I want to set the padding bytes of a class to 0, since I am saving/loading/comparing/hashing instances at a byte level, and garbage-initialised padding introduces non-determinism in each of those operations.

I know that this will achieve what I want (for trivially copyable types):

struct Example
{
    Example(char a_, int b_)
    {
        memset(this, 0, sizeof(*this));
        a = a_;
        b = b_;
    }
    char a;
    int b;
};

I don't like doing that though, for two reasons: I like constructor initialiser lists, and I know that setting the bits to 0 isn't always the same as zero-initialisation (e.g. pointers and floats don't necessarily have zero values that are all 0 bits).

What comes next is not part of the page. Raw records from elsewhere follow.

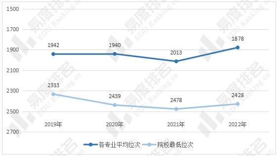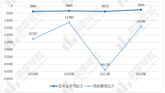 理科专业省内录取位次则有较大幅度波动,2021年护理学专业录取分数较上一年呈断崖式下跌,仅比本一批次线高43分,因此2021年电子科大院校最低录取位次跌至44000名以下。而各专业平均位次则总体保持高位,2022年各专业平均位次上升至2700名以上。
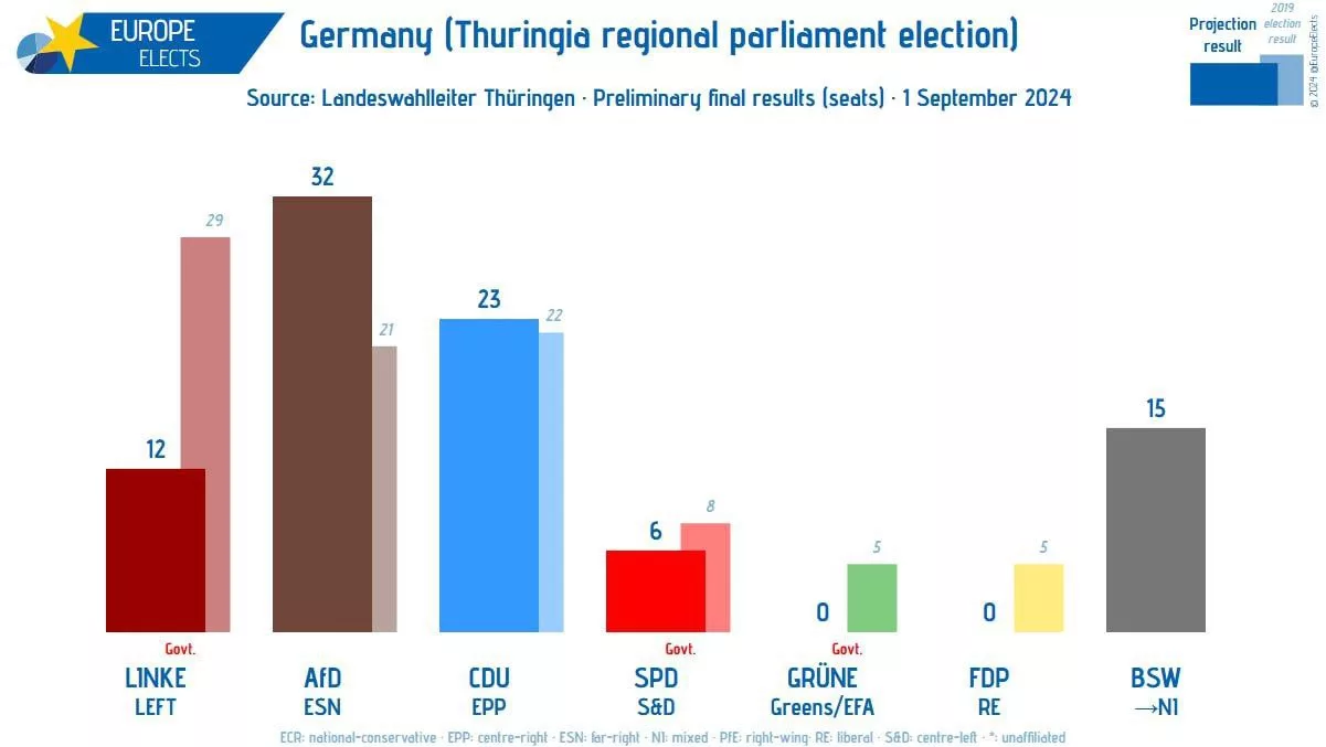 Прошедшие на этих выходных выборы в двух немецких восточных землях — Саксонии и Тюрингии, где в первой, ХДС с огромны трудом удалось вырвать победу у «Альтернативе для Германии» (АдГ), а во втором (см. скрин 1) с треском проиграть (причем здесь впервые в истории нынешней ФРГ может быть сформировано т.н. «альтернативное» правительство, куда войдет эта самая АдГ), могут стать для страны переломными.
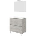 Set mobilier baie Lisabona, cu lavoar si oglinda, baza 86 x 51 x 92 cm, PAL si ceramica, gri
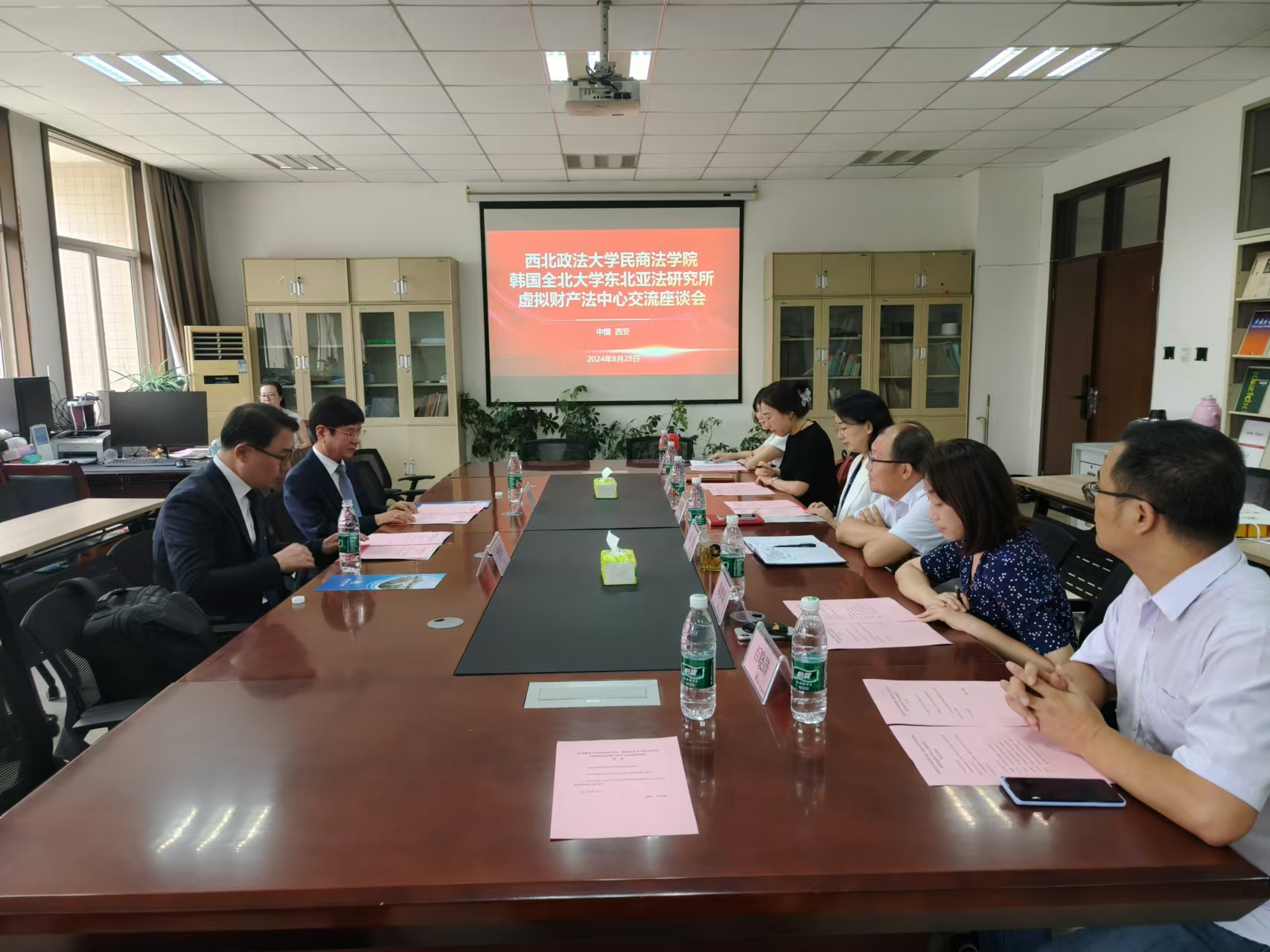 近日,民商法学院与韩国全北大学东北亚法研究所虚拟财产法中心举行交流座谈会。民商法学院党委书记朱茂、院长程淑娟,全北大学东北亚法研究所虚拟财产法中心主任宋文镐,我校国际交流与合作处副处长陈梦琦参加座谈。
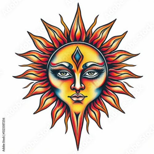 sun, face, solar, energy, warmth, symbol, light, celestial, radiance, yellow, orange, glow, nature, art, drawing, illustration, vintage, style, design, classic, old school, retro, tattoo, traditional, spiritual, astrology, star, ray, bright, dawn, dusk, heaven, sky, cosmic, power, vibrant, sunny, calm, eye, lip, happy, smiling, good, beautiful, decoration, artistic, sun ray, sunbeam
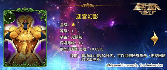 迷宫幻影:增加闪避和闪避上限,技能开场闪避。是最实用的绿卡之一,极易养成。
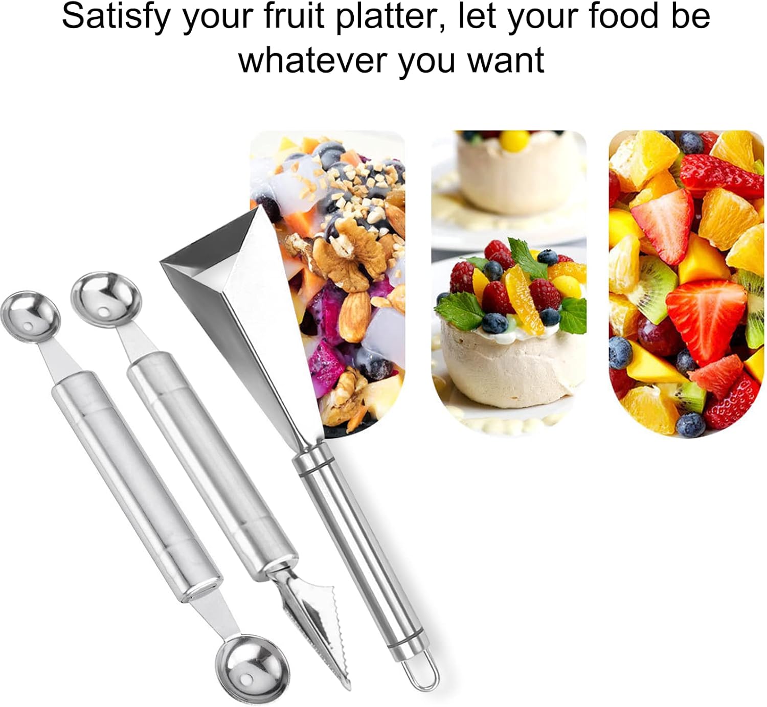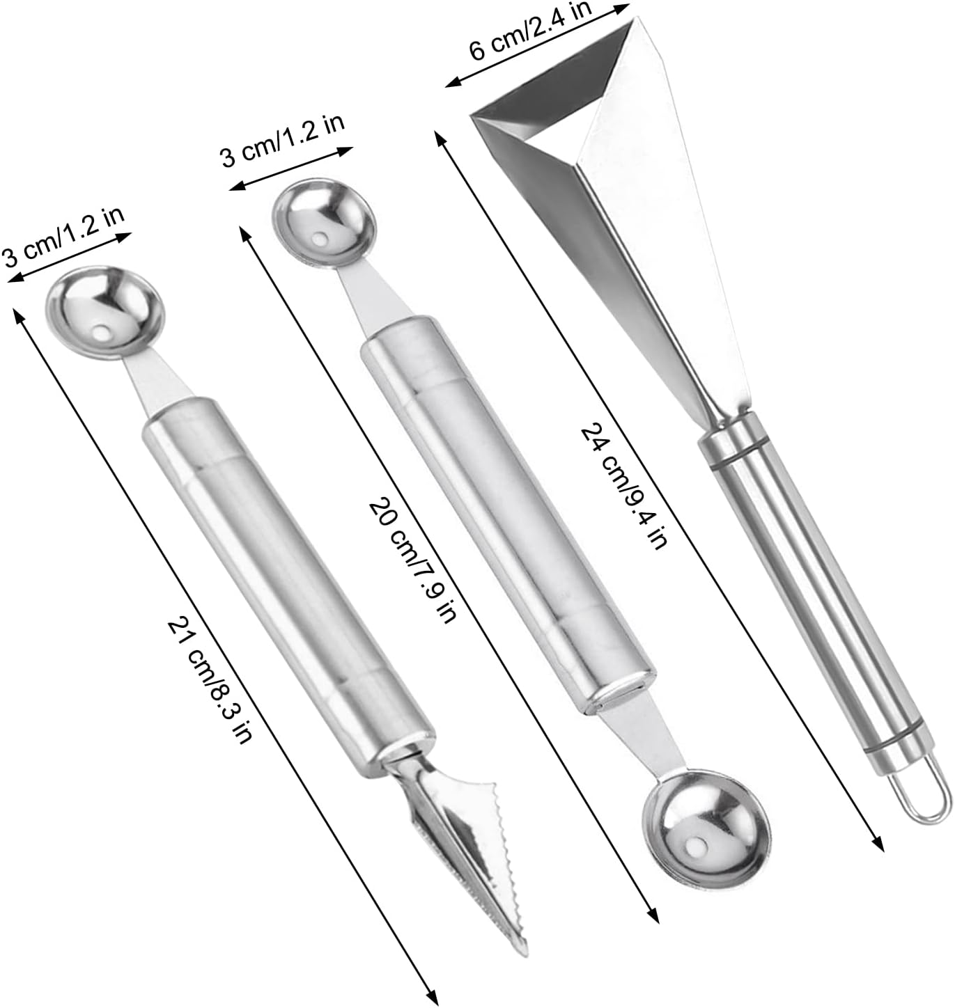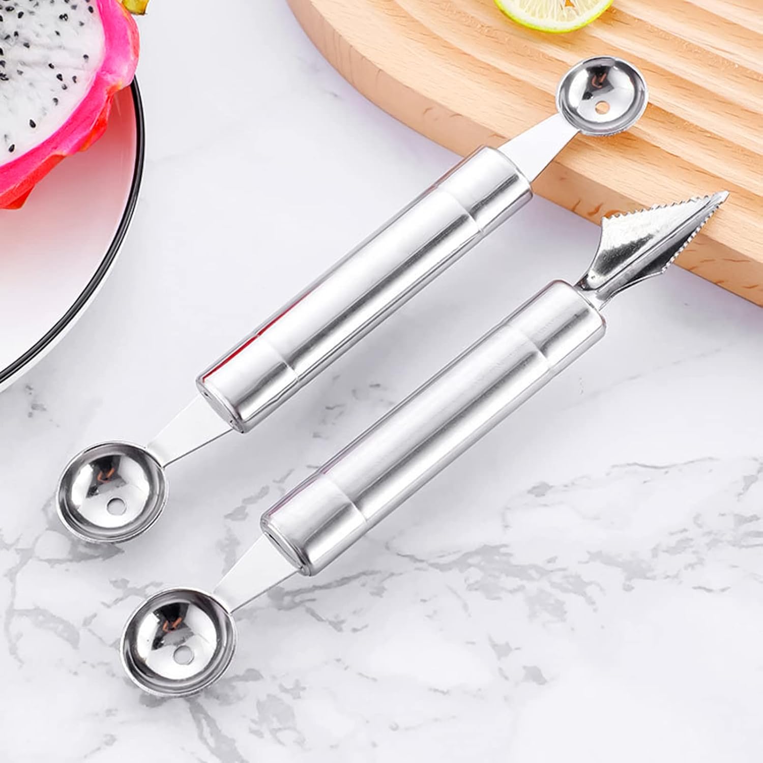 🥭【Double-sided Spoon Design】: The fruit carving tools include two melon ball spoons, and seven sides are V-shaped carving knives with serrations, making cutting easier and faster. The other side is a melon ball spoon, which can make two different sizes of fruit balls.

As an aside, it's obviously limited to types that are trivially copyable, but that's not an issue for me since the operations I listed above (loading/saving/comparing/hashing at a byte level) require trivially copyable types anyway.

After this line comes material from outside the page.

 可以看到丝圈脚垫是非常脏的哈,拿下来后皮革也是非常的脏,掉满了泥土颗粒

What I would like is something like this [magical] snippet:

struct Example
{
    Example(char a_, int b_) : a(a_), b(b_)
    {
        // Leaves all members alone, and sets all padding bytes to 0.
        memset_only_padding_bytes(this, 0);
    }
    char a;
    int b;
};

I doubt such a thing is possible, so if anyone can suggest a non-ugly alternative... I'm all ears :)

Ben Hymers
  • 25,586
  • 16
  • 59
  • 84
  • 1
    My suggestion: 1. just do the `memset()`, then initialize explicitly (essentially your first approach), 2. exclude the padding bytes from the hash altogether. –  Oct 23 '13 at 15:12
  • 2
    "I don't like doing that though, for two reasons ..." Note that the second reason is irrelevant, because the bytes allocated to members will be written over by the constructor. – Sergey Kalinichenko Oct 23 '13 at 15:13
  • 1
    My suggestion would be instead of using `byte pad;` create a padding type that can auto zero itself (e.g. a templated type, so you can control the size `PadData pad;`) – benjymous Oct 23 '13 at 15:14
  • 2
    Note that the root cause of your problem is your desire to hash at the byte level. At this point, you are fighting the consequence of this poor decision. – Sergey Kalinichenko Oct 23 '13 at 15:16
  • 3
    It's only a poor decision if I don't get a good answer to this question ;) – Ben Hymers Oct 23 '13 at 15:20
  • randomly thinking out of my ass: have static members showing all the pad offsets and their sizes (list of pairs?). Instantiate one garbage object (to eliminate compiler padding differences), take the pointer math of the member locations vs the class pointer/sizeof, and voila - you have your padding locations/sizes at the other locations -> put them in the static members. On any subsequent constructor call, call a static function that zeros those. ... ? maybe? – im so confused Oct 23 '13 at 15:21
  • thinking more about it, i'm liking my solution ... as much as one could like a solution for an unnecessary problem haha – im so confused Oct 23 '13 at 15:24
  • You're pretty much on lost postion : http://stackoverflow.com/questions/14691237/function-that-calculate-size-of-structure-without-padding-bytes – Agent_L Oct 23 '13 at 15:34
  • @Agent_L if he can rewrite the constructor, he knows the members, which means the accepted answer there does not apply – im so confused Oct 23 '13 at 15:38
  • I tend to use this little snippet for the purpose: `template class PCPadding;` `template <> class PCPadding<1> { public: pcu8 m; PCPadding<1>():m(0u){}};` `template <> class PCPadding<2> { public: pcu16 m; PCPadding<2>():m(0u){}};` `template <> class PCPadding<4> { public: pcu32 m; PCPadding<4>():m(0u){}};` `template <> class PCPadding<8> { public: pcu64 m; PCPadding<8>():m(0u){}};` `#define PC_PADDING(a) PCPadding MPI_TOKPASTE(_PADDING,__LINE__)` – Dimo Markov May 17 '16 at 14:46

3 Answers3

8

There's no way I know of to do this fully automatically in pure C++. We use a custom code generation system to accomplish this (among other things). You could potentially accomplish this with a macro to which you fed all your member variable names; it would simply look for holes between offsetof(memberA)+sizeof(memberA) and offsetof(memberB).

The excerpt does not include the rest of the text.